Set qry = "SELECT PREDICT(KidneyDiseaseModel) As PredictedKidneyDisease, "

_"age, al, ane, appet, ba, bgr, bp, bu, cad, dm, "

_"hemo, htn, pc, pcc, pcv, pe, pot, rbc, rc, sc, sg, sod, su, wc "

_"FROM (SELECT "_data.age_" AS age, "

_data.al_" As al, "

_"'"_data.ane_"'"_" AS ane, "

_"'"_data.appet_"'"_" AS appet, "

_"'"_data.ba_"'"_" As ba, "

_data.bgr_" As bgr, "

_data.bp_" AS bp, "

_data.bu_" AS bu, "

_"'"_data.cad_"'"_" As cad, "

_"'"_data.dm_"'"_" As dm, "

_data.hemo_" AS hemo, "

_"'"_data.htn_"'"_" AS htn, "

_"'"_data.pc_"'"_" As pc, "

_"'"_data.pcc_"'"_" As pcc, "

_data.pcv_" AS pcv, "

_"'"_data.pe_"'"_" AS pe, "

_data.pot_" As pot, "

_"'"_data.rbc_"'"_" As rbc, "

_data.rc_" AS rc, "

_data.sc_" AS sc, "

_data.sg_" As sg, "

_data.sod_" As sod, "

_data.su_" AS su, "

_data.wc_" AS wc)"

Set tStatement = ##class(%SQL.Statement).%New()

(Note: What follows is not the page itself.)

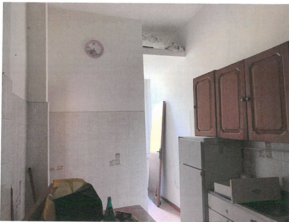
Fotografia n. 11 – Vista del locale ingresso, destinato a locale pranzo con angolo cottura, con particolare in fondo del corridoio aperto dotato di finestra e ribassato, sopra il quale sono presenti macchie di umidità, in assenza di percolamento di acqua, da cui si accede al locale bagno

Set qStatus = tStatement.%Prepare(qry)

If qStatus'=1 {WRITE "%Prepare failed:" DO $System.Status.DisplayError(qStatus) QUIT}

Set rset = tStatement.%Execute()

Do rset.%Next()

Set Response = {}

Set Response.classification = rset.PredictedKidneyDisease

Set Response.age = rset.age

Set Response.al = rset.al

Set Response.ane = rset.ane

Set Response.appet = rset.appet

Set Response.ba = rset.ba

Set Response.bgr = rset.bgr

Set Response.bp = rset.bp

Set Response.bu = rset.bu

Set Response.cad = rset.cad

Set Response.dm = rset.dm

Set Response.hemo = rset.hemo

Set Response.htn = rset.htn

Set Response.pc = rset.pc

Set Response.pcc = rset.pcc

Set Response.pcv = rset.pcv

Set Response.pe = rset.pe

Set Response.pot = rset.pot

Set Response.rbc = rset.rbc

Set Response.rc = rset.rc

Set Response.sc = rset.sc

Set Response.sg = rset.sg

Set Response.sod = rset.sod

Set Response.su = rset.su

Set Response.wc = rset.wc

Write Response.%ToJSON()

Return 1

} Catch err {

write !, "Error name: ", ?20, err.Name,

!, "Error code: ", ?20, err.Code,

!, "Error location: ", ?20, err.Location,

!, "Additional data: ", ?20, err.Data, !

Return 0

}

Now, any web application can consume the prediction and show the results. See the source code into frontend folder to predict-diseases application.